Interview with Expansión

Interview with Andrea Enria, Chair of the Supervisory Board of the ECB, conducted by Nicolás Menéndez Sarriés and Andrés Stumpf on 1 June 2022

8 June 2022

Spanish banks’ capital is lower than the eurozone average. Does that worry you?

European banks have strengthened their capital position. This was even the case during the pandemic, when they reached the highest levels of financial resilience since the start of the Banking Union. This applies to Spain too – the current position of Spanish banks is fairly robust.

The ECB has put significant pressure on banks to dispense with the typically Spanish role of the executive chairman.

It is true that the role of executive chair is more prevalent in Spain than in other countries, as it is historically entrenched. It is also true that the ECB has expressed some concerns on issues that could emerge with this model of governance in terms of excessive concentration of power, no clear separation of roles between the executive chair and the CEO and insufficient ability of the board to challenge critical decisions of a bank’s executives.

Having said that, I also want to acknowledge that Spanish banks have responded well to the concerns we have raised, and have largely fixed the issues we have identified. Many banks have either committed to phasing out this model of governance, or have introduced changes to address these issues. I am pleased with the progress made, and I am comfortable with current governance arrangements I see in Spanish banks.

Why does it bother the ECB so much if a bank’s responsibilities are concentrated in one person?

You need to have checks and balances in any organisation, but especially in a bank, which manages “other people’s money”, to quote the famous book of Louis Brandeis in the early 19th century. Even the most capable director can at some point make mistakes or take excessive risks. You need robust governance that enables to take different perspectives into account.

Would the ECB force the executive chair or CEO to step down if they were subject to allegations of misconduct?

It is extremely important for us – and for the banks – to ensure that senior management are unsullied by allegations and by serious concerns about their reputation and ability to perform their role properly. Of course, we are not prosecutors or judges, and we are naturally always respectful of due legal process, but we have to look at the whole picture, and the possible impact on the prudential position of the bank.
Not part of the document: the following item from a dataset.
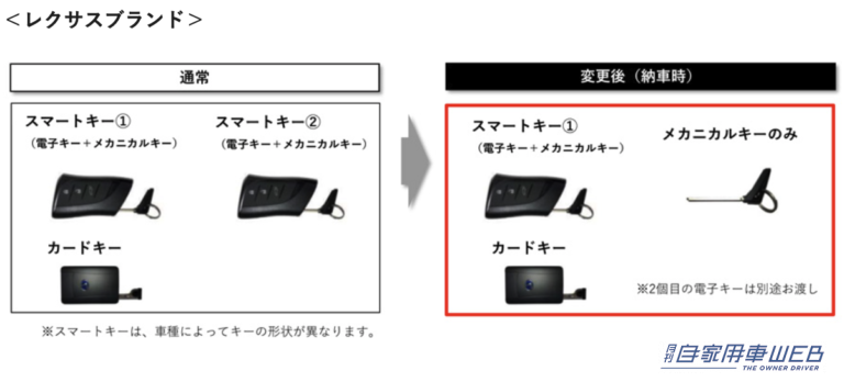 半導体不足が続く中での暫定的な対応となる。なお、2個目のスマートキー(電子キー)については、準備が整い次第、順次渡していく予定。
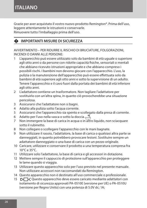 AVVERTIMENTO – PER RIDURRE IL RISCHIO DI BRUCIATURE, FOLGORAZIONI, INCENDI O DANNI ALLE PERSONE: 1 L’apparecchio può essere utilizzato solo da bambini di età uguale o superiore agli otto anni o da persone con ridotte capacità fisiche, sensoriali o mentali che abbiano ricevuto istruzioni appropriate e che abbiano compreso i possibili rischi. I bambini non devono giocare con l’apparecchio. L’uso, la pulizia o la manutenzione dell’apparecchio può essere effettuata solo da bambini di età superiore agli otto anni e sotto la supervisione di un adulto. Tenere l’apparecchio e il cavo fuori dalla portata dei bambini di età inferiore agli otto anni. 2 L’adattatore contiene un trasformatore. Non tagliare l’adattatore per sostituirlo con un’altra spina, in quanto ciò provocherebbe una situazione pericolosa. 3 Assicurarsi che l’adattatore non si bagni. 4 Adatto alla pulizia sotto l’acqua corrente. 5 Assicurarsi che l’apparecchio sia spento e scollegato dalla presa di corrente. 6 Adatto per l’uso nella vasca o sotto la doccia. 7 Non immergere la base di carica in acqua o in altro liquido, non sciacquare sotto il rubinetto. 8 Non collegare o scollegare l’apparecchio con le mani bagnate. 9 Non utilizzare il rasoio, l’adattatore, la base di carica o qualsiasi altra parte se danneggiati, in quanto potrebbero provocare lesioni. Sostituire sempre un adattatore danneggiato o una base di carica con un pezzo originale. 10 Caricare, utilizzare e conservare il prodotto a una temperatura compresa fra 10°C e 35°C. 11 Utilizzare solo l’adattatore, la base di carica e gli accessori in dotazione. 12 Mettere sempre il cappuccio di protezione sull’apparecchio per proteggere le lame quando si viaggia. 13 Utilizzare questo apparecchio solo per l’uso previsto nel presente manuale. Non utilizzare accessori non raccomandati da Remington. 14 Questo apparecchio non è destinato all’uso commerciale o professionale. Questo apparecchio deve essere caricato mediante adattatori con isolamento di sicurezza approvati PA-0510E (versione per UE) o PA-0510U (versione per Regno Unito) con una potenza di 5.0V dc; 1A;

If we find there are strong grounds for us to take action, then we have the tools to deal with the situation. We have already done so in several cases, for instance, at banks where executives have been responsible for breaching anti-money laundering rules, or sleeping at the wheel.

Where do you draw the line?

Every case is different and must be looked at on a stand-alone basis. We cannot take any drastic action just because a banker is implicated in a preliminary investigation, but we also cannot wait until a final guilty verdict is announced before we intervene. We need to make our own assessment of the situation, check whether there are reputational risks for the bank and whether the executive is still able to perform his or her duties before taking any decision.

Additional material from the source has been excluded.